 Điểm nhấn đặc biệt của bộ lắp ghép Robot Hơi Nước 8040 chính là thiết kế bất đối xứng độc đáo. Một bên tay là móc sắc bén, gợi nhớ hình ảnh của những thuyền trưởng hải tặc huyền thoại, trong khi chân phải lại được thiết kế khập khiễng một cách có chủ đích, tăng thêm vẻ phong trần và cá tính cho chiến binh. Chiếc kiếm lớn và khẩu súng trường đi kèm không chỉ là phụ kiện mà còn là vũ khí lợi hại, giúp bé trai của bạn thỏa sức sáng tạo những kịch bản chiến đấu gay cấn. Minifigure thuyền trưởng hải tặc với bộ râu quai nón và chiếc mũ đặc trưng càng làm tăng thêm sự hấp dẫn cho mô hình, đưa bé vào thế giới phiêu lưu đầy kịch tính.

--

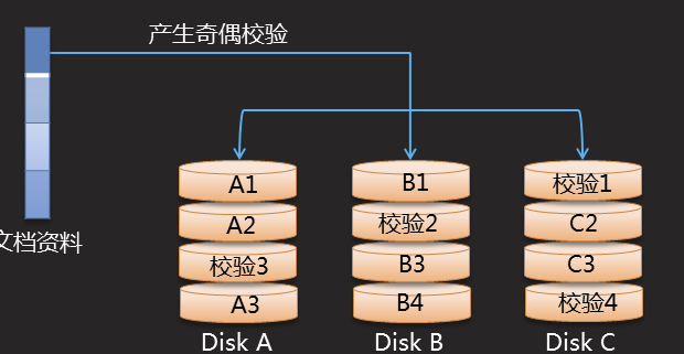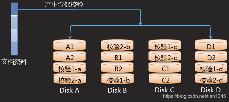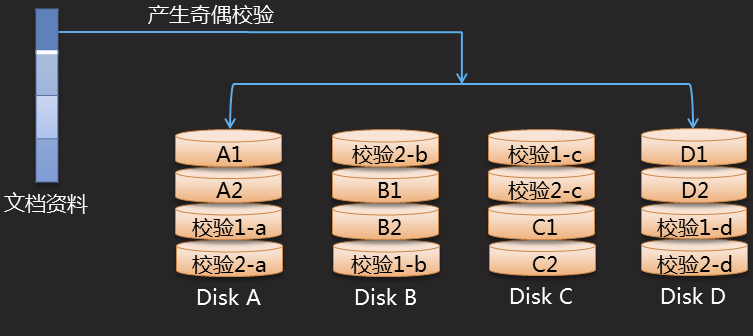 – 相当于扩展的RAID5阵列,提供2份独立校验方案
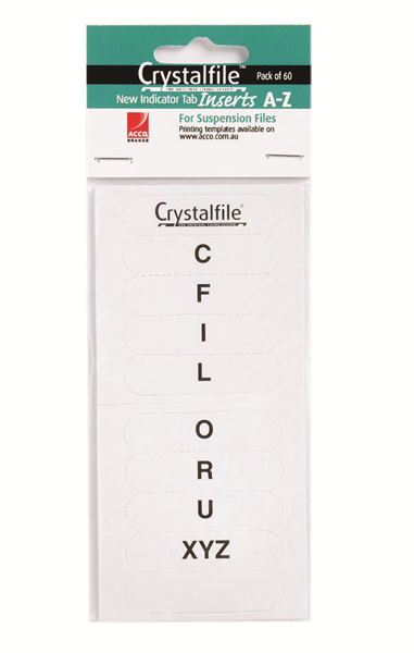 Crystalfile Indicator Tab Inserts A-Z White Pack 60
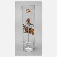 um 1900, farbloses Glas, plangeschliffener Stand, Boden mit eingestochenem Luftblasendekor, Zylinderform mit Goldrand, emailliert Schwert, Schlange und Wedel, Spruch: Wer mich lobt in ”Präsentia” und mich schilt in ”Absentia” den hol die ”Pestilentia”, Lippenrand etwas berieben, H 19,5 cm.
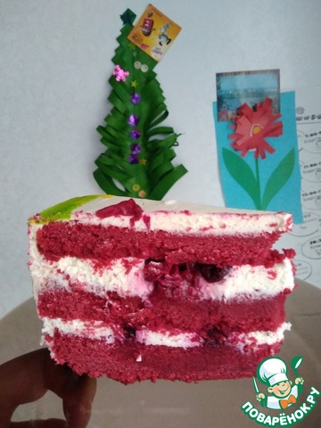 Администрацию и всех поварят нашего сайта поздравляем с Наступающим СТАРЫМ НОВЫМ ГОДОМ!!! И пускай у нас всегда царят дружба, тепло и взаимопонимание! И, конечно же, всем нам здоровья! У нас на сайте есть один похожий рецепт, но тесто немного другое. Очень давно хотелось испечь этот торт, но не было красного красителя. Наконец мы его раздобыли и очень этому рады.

...

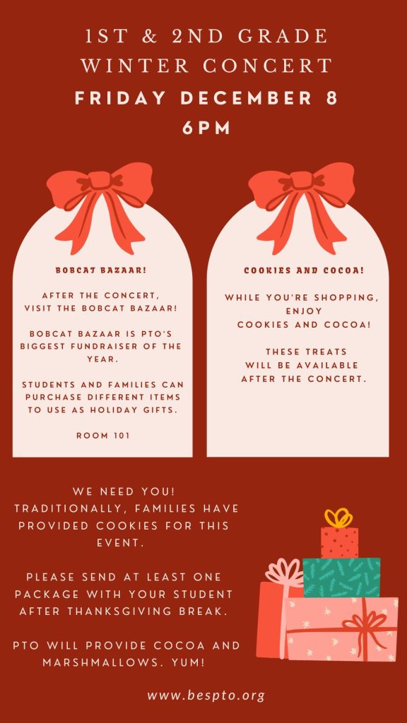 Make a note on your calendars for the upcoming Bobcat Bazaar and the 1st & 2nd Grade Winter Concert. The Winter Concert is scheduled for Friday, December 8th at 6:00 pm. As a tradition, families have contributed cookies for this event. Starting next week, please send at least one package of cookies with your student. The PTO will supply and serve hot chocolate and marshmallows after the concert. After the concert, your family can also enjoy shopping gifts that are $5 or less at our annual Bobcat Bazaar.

Required action: Text only, no pictures: please print exactly the lines above from the line with "Crystalfile Indicator Tab" up to and including the line with "um 1900, farbloses", and nothing else.

Solution below:
 Crystalfile Indicator Tab Inserts A-Z White Pack 60
 um 1900, farbloses Glas, plangeschliffener Stand, Boden mit eingestochenem Luftblasendekor, Zylinderform mit Goldrand, emailliert Schwert, Schlange und Wedel, Spruch: Wer mich lobt in ”Präsentia” und mich schilt in ”Absentia” den hol die ”Pestilentia”, Lippenrand etwas berieben, H 19,5 cm.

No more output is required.